ON DAVID RAZIEL WHO WAS KILLED IN ACTION ON MAY 20, 1941BY DAVID GREEN

http://www.haaretz.com/jewish/this-day-in-jewish-history/1.720501

As head of an underground Jewish resistance group, David Raziel had been pursued by the British. Come WWII, he would offer his help.
On May 20, 1941, David Raziel, commander of the Etzel – the Jewish underground militia in Palestine affiliated with Revisionist Zionism – was killed while leading a commando mission in Iraq for the British army.

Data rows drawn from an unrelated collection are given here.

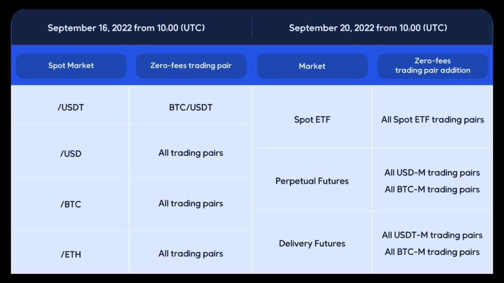 As a gesture of goodwill to millions of users worldwide, maker and taker fees on all spot market USD, BTC, and ETH quote currency trading pairs and BTC/USDT have been completely removed as of September 16 (UTC). As of September 20 at 10:00 (UTC), there will be no fees on all spot ETF pairs, USD-M and BTC-M perpetual futures pairs, USDT-M and BTC-M delivery futures pairs.
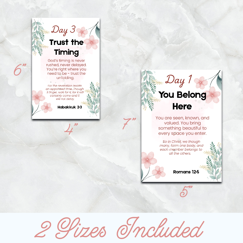 Rush Week can be intense—filled with excitement, uncertainty, and big emotions. These cards offer gentle reminders of God’s presence, purpose, and peace through it all. Each card features a thoughtfully chosen Bible verse paired with a supportive message to help her feel grounded, confident, and loved.
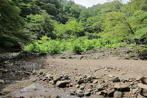 先ほどの唐沢峠下の川原に立ち、峠に登り返して不動尻に下る。
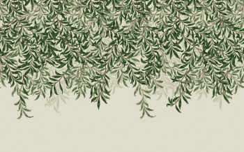 Vliestapete Wandbilder, reiches Muster mit Zweigen in Grüntönen.
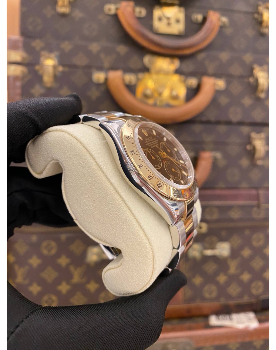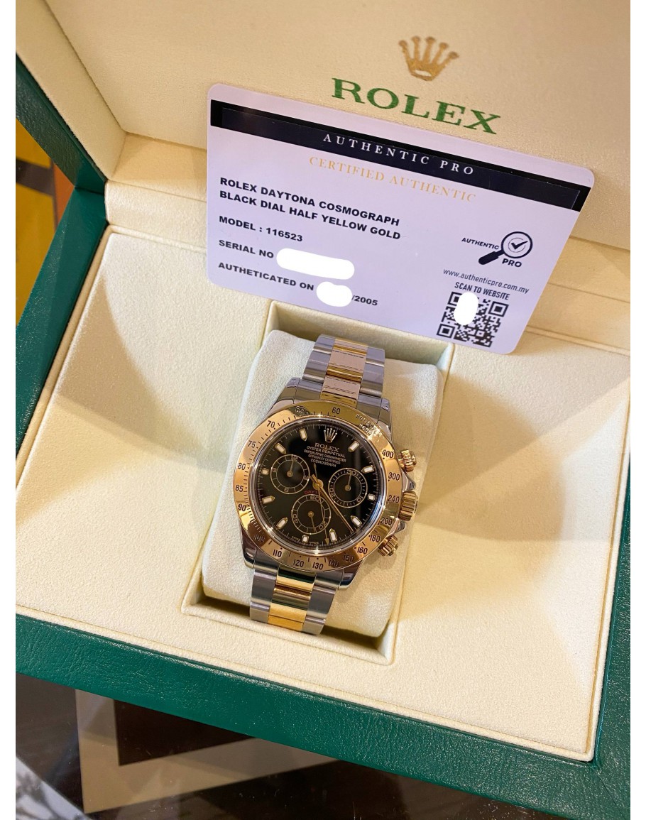 (PRE-OWNED) GENDER : MEN PRISTINE CONDITION : 9.5/10 BRAND : ROLEX YEAR : 2005 MODEL : DAYTONA COSMOGRAPH REFERENCE NUMBER : 116523 CASE DIAMETER : 40MM MOVEMENT : AUTOMATIC BEZEL MATERIAL : 18K 750 YELLOW GOLD CASE MATERIAL : 18K 750 YELLOW GOLD & STAINLESS STEEL BRACELET MATERIAL : 18K 750 YELLOW GOLD & STAINLESS STEEL CLASP : FOLDING CLASP CLASP MATERIAL : STAINLESS STEEL DIAL : BLACK COMES WITH : AUTHENTIC CERTIFICATE CARD & BOX
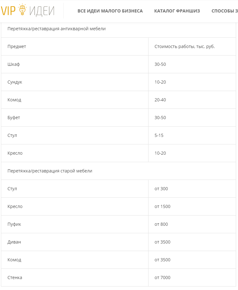 Итак, приведем предварительные расчеты цен услуг по перетяжке или реставрации старой или антикварной мебели. Надо сказать, что приведенные здесь данные не включаю в себя стоимость материалов. Как правило, именно эта дополнительная сумма берется в виде аванса с клиента при оформлении заказа. Опытные люди в сфере бизнеса рекомендуют дополнительные услуги, в которые можно включить пошив чехлов, подушек, замену наполнителя и составить отдельный прайс-лист.
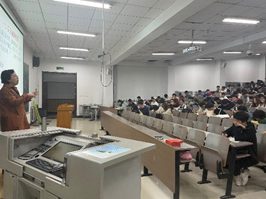 张老师详细介绍了汉字的起源说,在众多的学者探究之下,主要有以下几种说法:1.仓颉造字说《说文解字》许慎2.结绳说3.八卦说4.契刻说5.符号说6.图画说。张老师通过具体的故事和案例展示来展现这几种学说的由来和依据,并且联系实际生活来具体阐释。接下来,张老师讲解了汉字的构造方式,从汉朝以来,相沿有“六书”的说法。六书之首就是象形法。具体解释了学术界六种构造方式。1.象形2.指事3.会意4.形声字5.转注6.假借字。张老师通过自己的书写,让大家来猜测古文字的具体含义,同学们也积极应答猜测。顺着汉字的发展脉络,张老师进一步讲解汉字与中国文化的具体联系,汉字的演进也代表着中国大一统政治的发展。也同样是不同时期中国文化的表现形式,也展现着时代文化的逐步演进。而且汉字也体现着我国南北地区居住方式的历史演进,张老师通过不同字表现的居住方式和住宅部件的不同来体现汉字的独特含义,在展现汉字的魅力的同时也描绘了中华民族的南北文化的和而不同,还有其生动的可视化的生活联系。
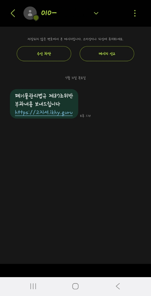 폐기물관리법 위반 명목 악성 앱 설치 유도…문자 발송 안 해

In its early years, the Etzel, the acronomyn of Irgun Tzvai Leumi – literally “national military organization” –treated the British Mandatory government in Palestine as an enemy. But after World War II started, Etzel made common cause with the British, which is how it was that Raziel was asked to assemble a team to travel to Iraq. Its mission was to destroy the oil refineries west of the capital, which were supplying the Germans with fuel critical for their war effort.

He was born David Rozenson, on December 19, 1910, in Smorgon, in modern-day Belarus. His father was Mordecai Rozenson, a Hebrew teacher, and his mother the former Bluma Gordin. The family, which also included a sister, Esther, were Zionists, and spoke Hebrew in their home. When Mordecai was offered a position teaching at the Tachkemoni School, in Tel Aviv, in 1914, they immigrated there, if not for long.

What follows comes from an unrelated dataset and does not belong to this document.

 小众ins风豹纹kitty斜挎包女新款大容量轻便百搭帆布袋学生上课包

During World War I, the Turkish rulers of the Land of Israel exiled Russian-born residents, whom they considered enemy aliens, to Egypt. This happened to the Rozensons too, and they went back to Russia, only to return to Israel in 1923.

David studied at his father’s school, graduating in 1928, when he moved to Jerusalem to attend the Merkaz Harav yeshiva, where his hevruta (study partner) was Zvi Yehuda Kook, son of chief rabbi Abraham Isaac Kook. At the same time, he was a student at the Hebrew University.

After the shocking massacre of the Jewish residents of Hebron, in 1929, Raziel joined the Haganah, the Jewish defense organization that became the official militia of the pre-state government. He completed a Haganah commanders course before joining the group that split from it in 1931 over the Haganah’s policy of military restraint (havlaga) vis-à-vis the country’s Arab population.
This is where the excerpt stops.